One would ask,
“Didn’t you just get your Practical Nurse license? When and where are you planning to work at? What’s next?”
I hate that question honestly. Not because of the person asking me that, but because it irritates me that I don’t have an answer. You’d be surprised, but I really don’t.
I hate to broadcast to the world and to strangers that I have problems, but sometimes, I feel like releasing it out of my chest feels a whole lot better than caging myself in. However, don’t judge me, that’s all I’m asking.
I cannot work yet as a nurse since I’m waiting for my “green” card to come out to allow me to work. Just before you jump from your seat and call Immigration, I am legally staying here, but I cannot work, since I’m on student visa. I’m waiting for the green card that my parents petitioned me to have and it’s been killing me. Really, it has.

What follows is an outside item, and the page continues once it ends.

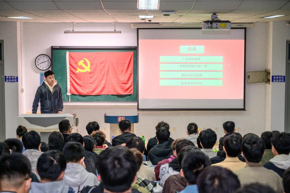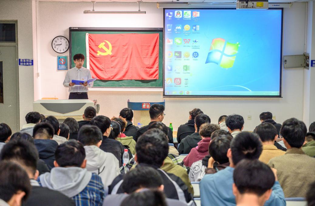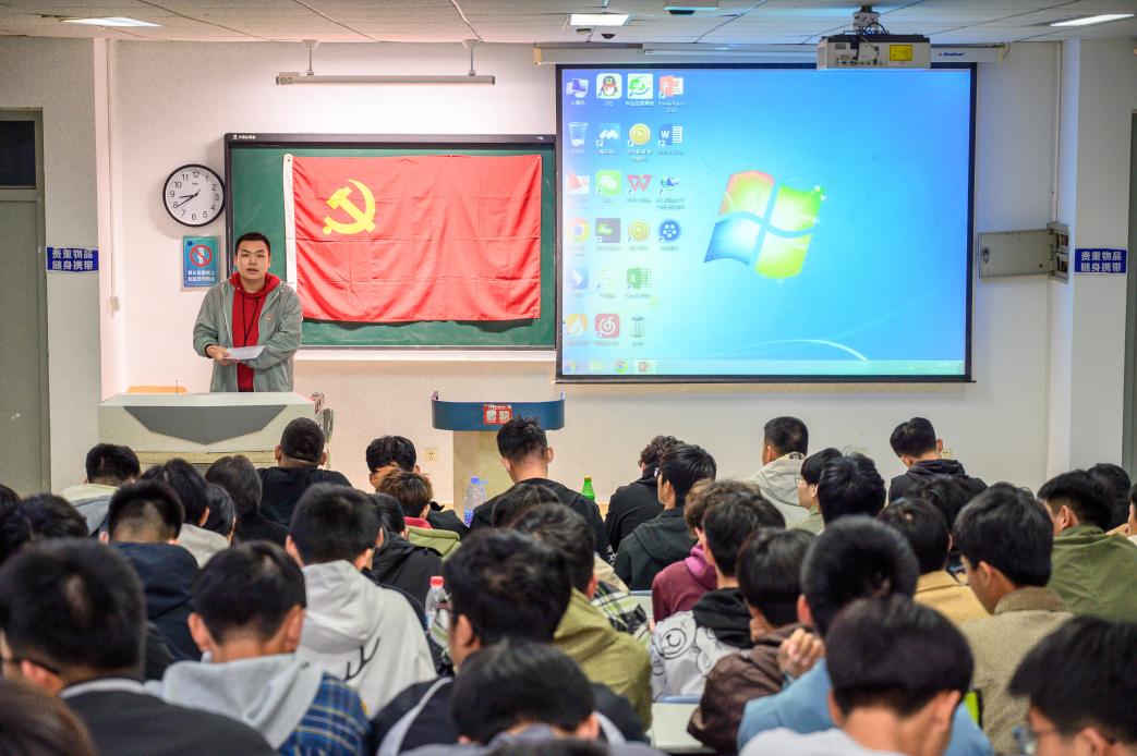 郑传龙同志讲解入党流程。他按照时间线清晰梳理了从申请入党到预备党员转正的完整流程。每个环节都有明确的时间与程序要求,新生需严格遵守流程规范,同时要在学业上争先、服务同学、严守纪律,以实际行动体现入党决心。

Imagine having to be in my position: I cannot work legally and I do not want to risk myself working “under the table.” I help out my mom with her work without gaining any monetary gain other than she letting me stay in her roof for free. I’d like to work and be independent but the green card is holding me down. But really, once it gets out (hopefully!), I will immediately step out into the working force.
However, in the meantime… I’m only polishing my nursing license and diploma (not really…). I decided to continue studying for nursing: applying for Registered Nurse then transfer to a two-year university to gain my Bachelor’s. To gain more experience in the health field, I decided to volunteer at a local hospital. Hopefully, that will make me busy.
Well… to be honest, I would really like to be busy.
Maybe I should devote the majority of my time crafting and selling it online.
Oh.. I don’t know.
Ugh. My life feels like it’s on a standstill and I cannot move. This is probably one of the reasons why I’m very depressed right now.